All of which is to say that the revelation of NSA and FBI’s use of upstream collection to target hackers involves far more legal issues than commentary on the issue has made out. And these legal issues may well have been more appropriate for the government to reveal before passage of USA F-ReDux. Continue reading

On Carrots, Sticks, and Rand Paul

Now that USA F-ReDux has become USA FreeDone, I wanted to look at Steve Vladeck’s two bizarre posts attacking Rand Paul’s opposition to USA F-ReDux as a way of doing a post-mortem on the process.

I say bizarre because Vladeck complains that Paul “seize[d] the national spotlight in order to focus everyone’s attention on a hyper-specific question” — that of the Section 215 dragnet — when Vladeck has, at this late date, joined those of us who have long been pushing a focus on broader issues, specifically EO 12333 and Section 702. To support his claim that Paul is singularly focused on Section 215, Vladeck links to a second-hand report of a sentence in Paul’s campaign announcement, rather than to the announcement itself which (while more muddled than in other statements where Paul has named EO 12333 directly) invokes surveillance authorized by Executive Order, not the PATRIOT Act.

The president created this vast dragnet by executive order. And as president on day one, I will immediately end this unconstitutional surveillance.

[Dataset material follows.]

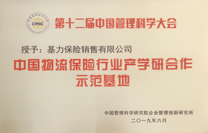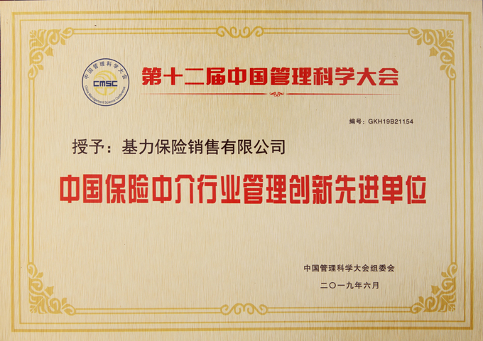 基力保险销售有限公司荣获第十二届中国管理科学家大会荣誉

Contrary to Vladeck’s miscitation, in this and other comments, Paul seized the national spotlight, in significant part, to talk about the broader issues, specifically EO 12333 and Section 702, that those pushing USA F-ReDux had set aside for future fights. Indeed, big parts of Paul’s filibuster speech — including his 10 and Ron Wyden’s 2 references to EO 12333 and his 18 and Wyden’s 3 references to 702 — sounds a lot like Vladeck’s series of posts worrying that this will be the only shot at reform and therefore regretting that we didn’t talk about the bigger issues as part of it.

Another deficiency of the USA FREEDOM Act is that it does not address bulk collection under Executive Order 12333. The bill also fails to address bulk collection under section 702 of the FISA Amendments Act.

One could say: What are you complaining about? You are getting some improvement. You still have problems, but you are getting some improvement.

I guess my point is that we are having this debate, and we don’t have it very often. We are having the debate every 3 years, and some people have tried to make this permanent, where we would never have any debate. Even though we are only having it every3 years, it is still uncertain whether I will be granted any amendments to this bill.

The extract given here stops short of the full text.